Joggobot is the work of Eberhard Gräther and Florian Mueller, with assistance from Wouter Walmink, Chad Toprak, Josh Platt, Conor O’Kane, Jennifer Lade, Jonathan Duckworth, Wendy Ju and Wolfgang Gräther, and has been developed and built as part of Mueller's Exertion Games Lab project within the Games Program at the Royal Melbourne Institute of Technology (RMIT). Mueller is one of a team of researchers who have already developed a distance jogging solution which allows runners from different geographical locations to run together.
Runners using this spatial audio system each wear headphones linked to mobile phones and other gadgetry that determines the performance of each partnered jogger. If the system detects that one of the pair is falling behind the pace set by the other, the voice of the that runner actually sounds like it's coming from somewhere behind the one out in front. When both runners are keeping pace with each other, the audio is adjusted appropriately.

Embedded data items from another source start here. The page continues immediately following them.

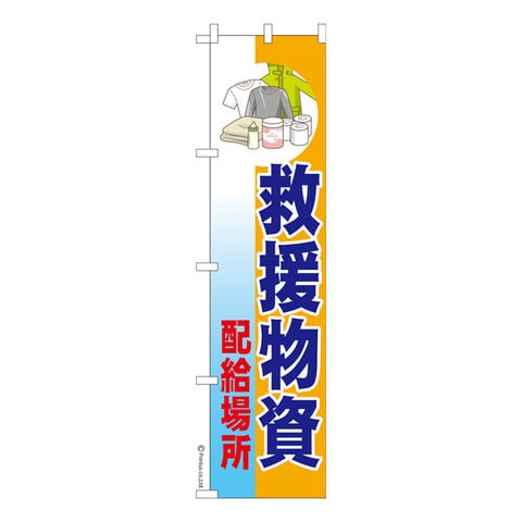 スリム のぼり旗 救援物資配給場所3 災害 既製品のぼり 納期ご相談ください 450mm幅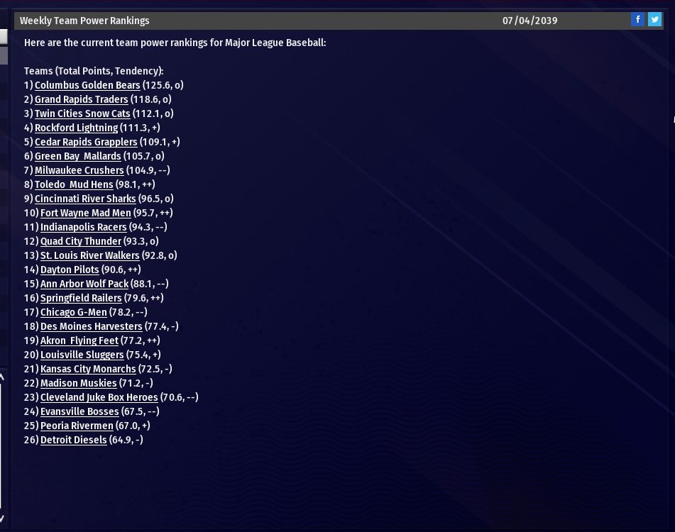 MBL news: July 4 -- Week 14 -- Awards and standings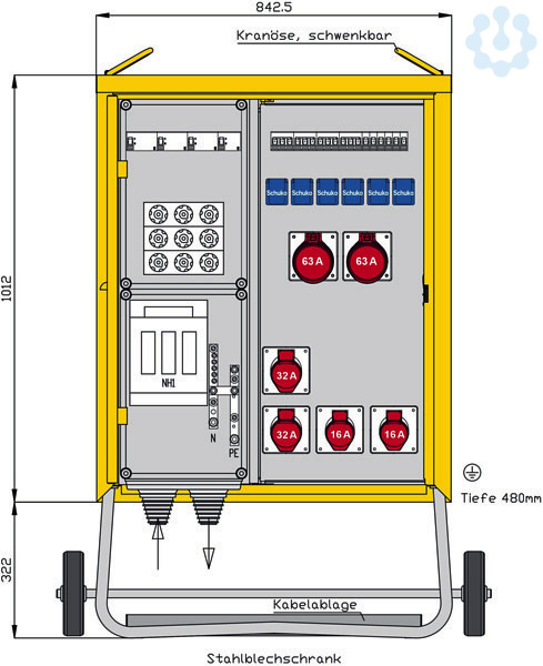 inkl. feuerverzinktem Untergestell Einbauten bis einschließlich RCD-Schutzschalter im Isolierstoffgehäuse Schutzart : IP 44 Größe ca.: 1012 x 843 x 480mm / H-B-T

Heading out with a running partner has been found to be far more engaging and often more challenging than jogging alone, but a partner or trainer may not always be available when your timetable dictates. Joggobot gives the runner a physical object to interact with while out on a solo run, and is perhaps a much more engaging proposition than merely following a route on a smartphone/in-shoe-based training app, or so-called ghost runners on wrist-based solutions like the Forerunner fitness watch from Garmin, where you race against an avatar version of yourself from an earlier run.

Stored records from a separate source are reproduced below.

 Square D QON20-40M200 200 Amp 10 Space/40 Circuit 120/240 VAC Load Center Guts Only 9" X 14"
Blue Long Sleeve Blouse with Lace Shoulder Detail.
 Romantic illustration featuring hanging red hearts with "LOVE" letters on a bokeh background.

"Our aim is to explore how robots should be designed to create engaging jogging experiences in order to increase our understanding of how to design robots for exertion activities," explained the research team.
Joggobot is capable of tracking the jogger using an integrated, front-mounted camera and some tag detection software that looks out for special markers printed on the runner's t-shirt. The quadrocopter takes off when the camera registers the markers and rises to about the same height as the tags on the t-shirt, its altitude being determined by an internal sensor.
Instead of being controlled by a wireless remote, the flying companion is able to autonomously react to the actions of the jogger courtesy of some custom control software based on the AR Drone open API. A relative distance of about three meters (9.84 feet) from the runner is maintained while in flight, and if Joggobot loses sight of the markers, it safely lands.
For the moment, the Joggobot system is reported to be limited to a straight line run but the researchers are planning on looking at varied and complex jogging patterns in the future, and have already started testing the use of special gestural movements and signals to control or instruct Joggobot during a run.
I can think of a number of useful applications for this development beyond giving lone joggers a partner or coach. Pairing the technology with a smartphone (via Bluetooth, for instance) would not only cater for streaming or sharing of training footage but could also greatly enhance the safety of the runner by alerting emergency services with location details and a live video feed in the event of an accident or if the jogger should run into other trouble.